For over a decade, the people of Trinidad and Tobago have been asking one question: “When we getting water?” Now, we’re asking a new one: Was it really this easy to fix? Because according to former WASA Chairman Ravindra Nanga, not only did he not preside over corruption—he actually cleaned house, fixed leaks, and improved water supply for over half a million citizens. And it didn’t take him ten years. It took less than two weeks.
Let that sink in—unlike the water in your pipes during the last dry season.
Let’s rewind. Between 2010 and 2020, successive governments pumped $21 billion into WASA. What did we get?
- 4,828 employees
- Only 34% of the population received 24/7 water.
- Reports of internal corruption, sabotage, water-trucking mafias, and unions moonlighting as contractors.
In short: WASA became a waterless wonderland — overstaffed, underperforming, and churning through cash faster than a Carnival all-inclusive on a hot day.

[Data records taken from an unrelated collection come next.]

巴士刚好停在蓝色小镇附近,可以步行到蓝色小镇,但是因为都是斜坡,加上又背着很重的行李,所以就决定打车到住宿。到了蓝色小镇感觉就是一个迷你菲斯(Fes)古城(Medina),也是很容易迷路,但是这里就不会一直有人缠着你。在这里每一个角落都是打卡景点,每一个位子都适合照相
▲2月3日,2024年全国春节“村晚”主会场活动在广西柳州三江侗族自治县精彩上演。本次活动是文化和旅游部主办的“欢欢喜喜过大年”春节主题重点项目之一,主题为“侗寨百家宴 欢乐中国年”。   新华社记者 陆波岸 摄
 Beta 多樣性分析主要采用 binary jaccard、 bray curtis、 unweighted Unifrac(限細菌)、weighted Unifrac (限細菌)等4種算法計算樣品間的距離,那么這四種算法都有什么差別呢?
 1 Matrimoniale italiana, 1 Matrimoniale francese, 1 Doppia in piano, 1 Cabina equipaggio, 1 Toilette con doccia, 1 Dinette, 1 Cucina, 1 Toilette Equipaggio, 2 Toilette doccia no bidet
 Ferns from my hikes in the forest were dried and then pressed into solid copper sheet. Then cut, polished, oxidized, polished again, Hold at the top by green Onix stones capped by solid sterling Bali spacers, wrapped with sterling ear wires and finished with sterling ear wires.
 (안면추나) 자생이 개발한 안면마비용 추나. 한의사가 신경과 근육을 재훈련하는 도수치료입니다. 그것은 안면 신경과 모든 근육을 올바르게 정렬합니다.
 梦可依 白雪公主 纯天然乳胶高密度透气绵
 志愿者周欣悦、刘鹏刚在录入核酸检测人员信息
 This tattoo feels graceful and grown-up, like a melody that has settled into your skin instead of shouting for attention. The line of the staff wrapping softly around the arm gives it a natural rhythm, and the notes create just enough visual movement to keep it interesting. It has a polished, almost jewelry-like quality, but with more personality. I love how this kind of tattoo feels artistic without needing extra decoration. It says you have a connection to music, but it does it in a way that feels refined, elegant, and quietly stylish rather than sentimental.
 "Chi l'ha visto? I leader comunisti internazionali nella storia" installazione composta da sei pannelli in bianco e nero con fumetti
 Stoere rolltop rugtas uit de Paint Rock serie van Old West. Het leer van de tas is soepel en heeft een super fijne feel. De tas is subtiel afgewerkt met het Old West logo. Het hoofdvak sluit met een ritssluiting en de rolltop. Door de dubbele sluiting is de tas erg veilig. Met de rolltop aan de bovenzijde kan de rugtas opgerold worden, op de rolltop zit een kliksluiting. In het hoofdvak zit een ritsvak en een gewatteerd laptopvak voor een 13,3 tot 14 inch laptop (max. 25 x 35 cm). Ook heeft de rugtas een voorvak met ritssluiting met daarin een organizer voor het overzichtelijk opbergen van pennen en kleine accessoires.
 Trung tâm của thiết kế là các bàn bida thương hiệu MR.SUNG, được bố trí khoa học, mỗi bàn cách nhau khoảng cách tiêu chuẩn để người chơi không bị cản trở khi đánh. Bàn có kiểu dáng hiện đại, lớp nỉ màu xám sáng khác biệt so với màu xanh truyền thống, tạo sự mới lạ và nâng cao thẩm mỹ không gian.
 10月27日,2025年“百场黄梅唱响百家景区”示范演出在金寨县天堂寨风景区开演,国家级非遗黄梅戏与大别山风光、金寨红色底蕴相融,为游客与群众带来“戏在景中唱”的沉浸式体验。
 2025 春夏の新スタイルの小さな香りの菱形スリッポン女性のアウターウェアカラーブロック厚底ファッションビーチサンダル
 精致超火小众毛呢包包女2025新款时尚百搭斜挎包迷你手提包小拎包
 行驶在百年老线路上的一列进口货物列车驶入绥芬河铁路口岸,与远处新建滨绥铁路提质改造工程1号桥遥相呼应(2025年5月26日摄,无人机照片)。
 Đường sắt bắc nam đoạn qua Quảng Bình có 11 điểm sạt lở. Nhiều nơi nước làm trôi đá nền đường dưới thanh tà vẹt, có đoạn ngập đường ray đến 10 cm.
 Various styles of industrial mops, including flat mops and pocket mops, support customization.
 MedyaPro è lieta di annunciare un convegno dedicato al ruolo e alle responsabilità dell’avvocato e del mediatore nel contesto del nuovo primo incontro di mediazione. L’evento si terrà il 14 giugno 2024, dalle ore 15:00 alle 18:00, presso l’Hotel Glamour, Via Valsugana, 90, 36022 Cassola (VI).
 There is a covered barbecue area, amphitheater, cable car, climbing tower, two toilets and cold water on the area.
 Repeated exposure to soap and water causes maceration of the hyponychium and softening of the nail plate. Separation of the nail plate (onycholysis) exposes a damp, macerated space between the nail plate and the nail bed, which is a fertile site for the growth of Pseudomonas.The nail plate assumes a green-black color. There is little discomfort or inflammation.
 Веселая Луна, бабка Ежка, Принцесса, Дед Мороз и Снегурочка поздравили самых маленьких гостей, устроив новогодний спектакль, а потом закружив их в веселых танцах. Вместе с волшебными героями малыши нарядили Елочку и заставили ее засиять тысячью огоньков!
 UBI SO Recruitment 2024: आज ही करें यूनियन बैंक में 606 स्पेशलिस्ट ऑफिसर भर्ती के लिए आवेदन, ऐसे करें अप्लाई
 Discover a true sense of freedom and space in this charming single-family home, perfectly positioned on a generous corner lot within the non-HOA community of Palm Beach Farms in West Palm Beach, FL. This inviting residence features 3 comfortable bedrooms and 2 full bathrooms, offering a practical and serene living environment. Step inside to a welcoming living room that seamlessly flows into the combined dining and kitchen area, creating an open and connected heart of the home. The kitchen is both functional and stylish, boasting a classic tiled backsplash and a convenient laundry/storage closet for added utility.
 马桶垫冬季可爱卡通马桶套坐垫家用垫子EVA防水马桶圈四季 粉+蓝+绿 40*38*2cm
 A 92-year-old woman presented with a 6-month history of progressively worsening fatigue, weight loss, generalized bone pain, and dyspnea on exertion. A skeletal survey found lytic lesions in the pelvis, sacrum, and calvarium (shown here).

Appointed as Chairman in 2021, Ravindra Nanga walked into this bureaucratic disaster with something rare: a plan and a backbone. And according to his own words, he walked out with his reputation intact and WASA in much better shape.
So what did he do?
- Tackled over 5,000 pipeline leaks.
- Cut excessive overtime costs.
- Modernized the New Services Department to stamp out bribe-for-water schemes.
- And most importantly: Delivered better water to over 500,000 citizens.

WASA chairman Ravindra Nanga (left) speaks with CEO Kelvin Romain at a media briefing at the Ministry of Public Utilities in Port of Spain.
All while dealing with internal sabotage, legacy corruption, and the usual gallery of political backbiting.
Not long after resigning, Nanga found himself at the centre of a political melee. Public Utilities Minister Barry Padarath accused the former WASA board of corruption, specifically regarding a $3 million contract allegedly awarded to a PNM campaign manager just before the election.
Nanga’s response?
“If the Minister understands procurement, he’d know that contracts go through tender, evaluation, and board approval. No individual got any such contract.”
Padarath didn’t back down. He fired back with whistleblower claims, fake boardroom lists, and promises of upcoming “scandalous revelations.” It’s all starting to sound more like an episode of Scandal than a utilities debate.
But here’s what’s hard to ignore: while politicians squabble, Nanga delivered water.
Let’s state the obvious. If what Nanga claims is true—and so far, no hard evidence has emerged to say otherwise—then yes, fixing WASA’s biggest issues may have been easier than we were led to believe.
Which begs the question: Why didn’t anyone else do it?
Was it political interference? Was it union power plays? Was it plain, old-fashioned incompetence?
Whatever it was, it wasn’t water. And that’s what the people care about.
If fixing WASA was as straightforward as Nanga makes it sound, then Trinidad and Tobago has been robbed of water, time, and trust for far too long.
Maybe the issue was never the leaks. Maybe it was who we had fixing them.
Nanga may have left the building, but if what he claims holds water (pun intended), the country may need to seriously rethink who gets to manage its most basic resource.
And to the political players now playing the blame game?
Let the pipes—and the facts—speak for themselves.